The number of zinc ions present in the molecular formula of Q is ______.

Potassium ferricyanide is $$K_3[Fe(CN)_6]$$. In the anion $$[Fe(CN)_6]^{3-}$$ iron is in the +3 oxidation state and all six ligands are $$CN^-$$.

Step 1 - Formation of the intermediate complex P
Iodide ion is a good entering ligand for the octahedral ferricyanide ion. The substitution that actually occurs is

$$[Fe(CN)_6]^{3-} + I^- \;\rightleftharpoons\; [Fe(CN)_5I]^{3-} + CN^-$$

The reaction is reversible because the liberated $$CN^-$$ can again replace $$I^-$$. However, in a strongly acidic medium the free $$CN^-$$ is protonated to volatile HCN:

$$CN^- + H^+ \rightarrow HCN(g)$$

Removal of $$HCN$$ (by escape of the gas) drives the equilibrium completely to the right, so the only iron-containing species present is

$$P = [Fe(CN)_5I]^{3-}$$

Step 2 - Precipitation of Q with $$ZnCl_2$$
In a slightly acidic solution, the divalent zinc ion combines with the trivalent anion $$[Fe(CN)_5I]^{3-}$$ to give a neutral, sparingly soluble salt. Let the formula of this salt be $$Zn_x[Fe(CN)_5I]_y$$.

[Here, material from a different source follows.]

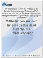 Unterberger, Fr. Mittheilungen aus dem Innern von Russland zunachst fur Pferdeliebhaber / bericht des Professors der Dorpater Veternachschule, Collegienrath's Fr. Unterberger, uber die von ihm in den Sommerferien 1851 gemachte Reise , gedruckt auf Verfugung der Oberbehorde; Fr. Unterberger .— : Gedruckt bei Schumann's Wittwe & C. Mattiesen, 1853 .— 136 с. — Lang: ger .— URL: https://rucont.ru/efd/112645 (дата обращения: 15.11.2025)
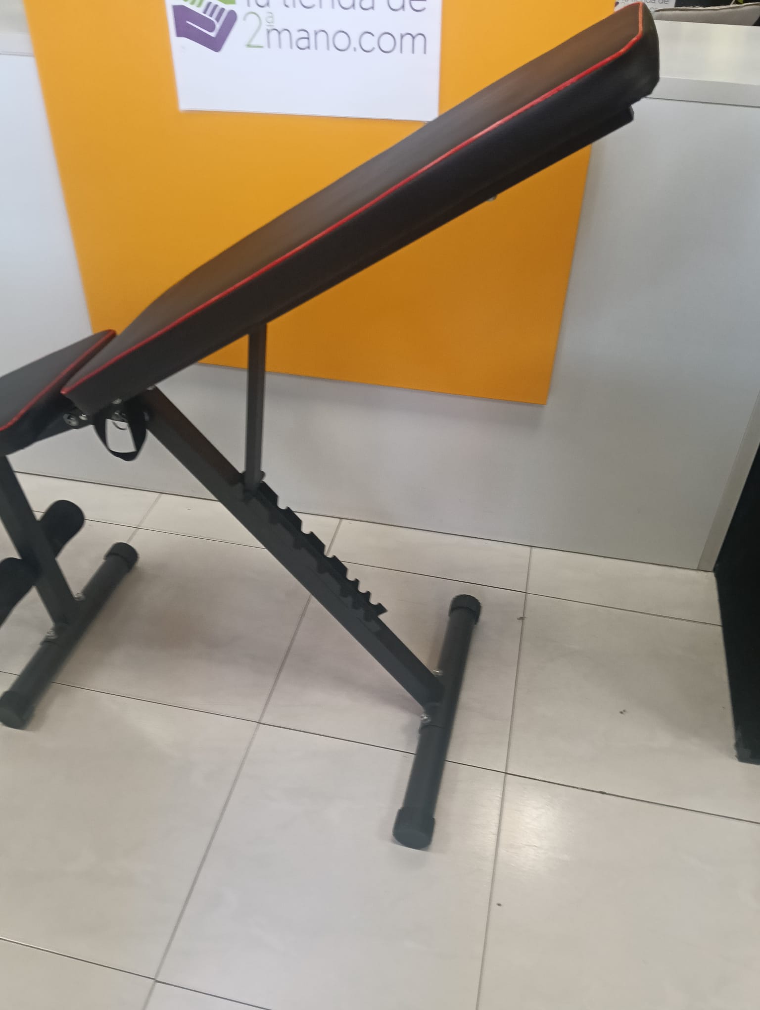 Banco de abdominales, modelo Yoleo. Fácil de plegar y guardar. Respaldo reclinable, Tapizado color negro. Respaldo en varias alturas.

For electrical neutrality: $$2x - 3y = 0 \quad\Longrightarrow\quad 2x = 3y$$

The smallest integer solution is $$x = 3,\; y = 2$$. Hence the precipitate is

$$Q = Zn_3[Fe(CN)_5I]_2$$

Step 3 - Number of zinc ions in Q
From the formula of Q, the number of $$Zn^{2+}$$ ions present is $$3$$.

Therefore, the required number is 3.